NCERT Solutions for Class 6 Maths Chapter 3 Playing With Numbers
Exercise 3.4
1. Find the common factors of:
(a) 20 and 28
(b) 15 and 25
(c) 35 and 50
(d) 56 and 120
Ans :
The common factors of each pair of numbers are:
(a) 20 and 28: 1, 2, 4
- Find the factors of 20: 1, 2, 4, 5, 10, 20
- Find the factors of 28: 1, 2, 4, 7, 14, 28
- The common factors are the numbers that appear in both lists: 1, 2, 4.
(b) 15 and 25: 1, 5
- Find the factors of 15: 1, 3, 5, 15
- Find the factors of 25: 1, 5, 25
- The common factors are the numbers that appear in both lists: 1, 5.
(c) 35 and 50: 1, 5
- Find the factors of 35: 1, 5, 7, 35
- Find the factors of 50: 1, 2, 5, 10, 25, 50
- The common factors are the numbers that appear in both lists: 1, 5.

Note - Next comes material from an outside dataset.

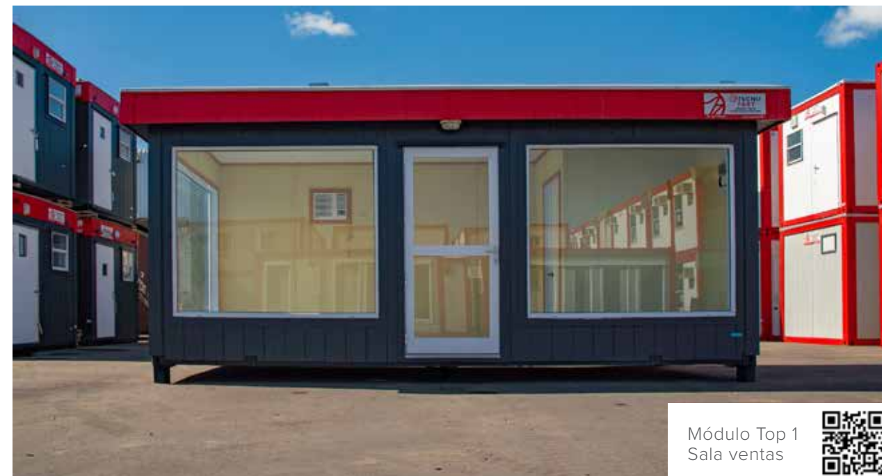
Módulo Top 1 Sala ventas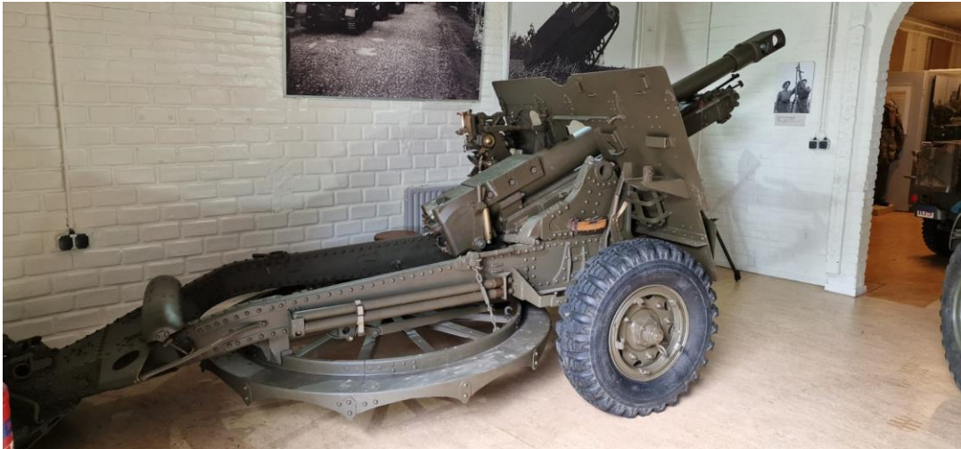
De "nieuwe 25-Ponder" in gebouw 8 (zie blz. 23)

(d) 56 and 120: 1, 2, 4, 8
- Find the factors of 56: 1, 2, 4, 7, 8, 14, 28, 56
- Find the factors of 120: 1, 2, 3, 4, 5, 6, 8, 10, 12, 15, 20, 24, 30, 40, 60, 120
- The common factors are the numbers that appear in both lists: 1, 2, 4, 8
2. Find the common factors of:
(a) 4, 8 and 12
(b) 5, 15 and 25
(6) 8 9484.
Ans :
Set (a): 4, 8, and 12
- Factorize each number:
- 4 = 2 x 2
- 8 = 2 x 2 x 2
- 12 = 2 x 2 x 3
- Identify common factors:
- Look for factors that appear in all three factorizations.
- In this case, the common factor is 2 (appearing twice).

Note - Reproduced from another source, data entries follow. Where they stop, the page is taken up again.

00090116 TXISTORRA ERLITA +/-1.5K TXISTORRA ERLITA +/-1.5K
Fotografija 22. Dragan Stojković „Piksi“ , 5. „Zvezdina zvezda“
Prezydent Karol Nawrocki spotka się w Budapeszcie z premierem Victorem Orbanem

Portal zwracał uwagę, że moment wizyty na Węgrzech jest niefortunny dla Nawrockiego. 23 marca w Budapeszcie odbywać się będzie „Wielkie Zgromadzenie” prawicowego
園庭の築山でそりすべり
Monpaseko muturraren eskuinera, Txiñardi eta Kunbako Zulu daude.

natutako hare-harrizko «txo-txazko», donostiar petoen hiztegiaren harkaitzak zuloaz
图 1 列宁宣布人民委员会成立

Therefore, the common factors of 4, 8, and 12 are 1 and 2 (2 appears twice).
Set (b): 5, 15, and 25
- Factorize each number:
- 5 is already a prime number (cannot be further factored).
- 15 = 3 x 5
- 25 = 5 x 5
- Identify common factors:
- The only common factor is 5.
Therefore, the common factors of 5, 15, and 25 are 1 and 5.
Set (c): 8 and 9484 (corrected from previous prompt)
- Factorize each number:
- 8 = 2 x 2 x 2 (prime factorization)
- 9484 = 2 x 2 x 2371 (prime factorization)
- Identify common factors:
- There are no common factors other than 1, since 8 only has factors of 2 and 9484 has the additional prime factor 2371.
3. Find first three multiples of:
(a) 6 and 8
(b) 12 and 18
Ans :
(a) 6 and 8
- Multiples of 6: 6, 12, 18, …
- First three multiples: 6, 12, 18
(b) 12 and 18
- Multiples of 12: 12, 24, 36, …
- First three multiples: 12, 24, 36
4. Write all the numbers less than 100 which are common multiples of 3 and 4.
Ans : The common multiples of 3 and 4 less than 100 are:
12, 24, 36, 48, 60, 72, 84, and 96
Here’s how we can find them:
- Least Common Multiple (LCM): The lowest number that is a multiple of both 3 and 4 is 12 (3 x 4).
- Multiples of LCM: Since we want common multiples less than 100, we can find multiples of 12 that are less than 100.
- 12 x 1 = 12
- 12 x 2 = 24
- 12 x 3 = 36
- 12 x 4 = 48
- 12 x 5 = 60
- 12 x 6 = 72
- 12 x 7 = 84
- 12 x 8 = 96 (This is the last multiple less than 100)
Therefore, all the numbers listed (12, 24, 36, 48, 60, 72, 84, and 96) are common multiples of 3 and 4 that are less than 100.
5. Which of the following numbers are co-prime?
(a) 18 and 35
(b) 15 and 37
(c) 30 and 415
(d) 17 and 68
(e) 216 and 215
(f) 81 and 16
Ans :
(a) 18 and 35:
- 18 can be factored as 2 x 3 x 3.
- 35 can be factored as 5 x 7.
- They share no common factors other than 1. Thus, 18 and 35 are co-prime.
(b) 15 and 37:
- 15 can be factored as 3 x 5.
- 37 is a prime number.
- 15 and 37 share no common factors other than 1. Thus, 15 and 37 are co-prime.
(c) 30 and 415:
- 30 can be factored as 2 x 3 x 5.
- 415 can be factored as 5 x 83.
- They share a common factor of 5. Therefore, 30 and 415 are not co-prime.
(d) 17 and 68:
- 17 is a prime number.
- 68 can be factored as 2 x 2 x 17.
- They share a common factor of 17. Therefore, 17 and 68 are not co-prime.
(e) 216 and 215:
- 216 can be factored as 2 x 2 x 2 x 3 x 3.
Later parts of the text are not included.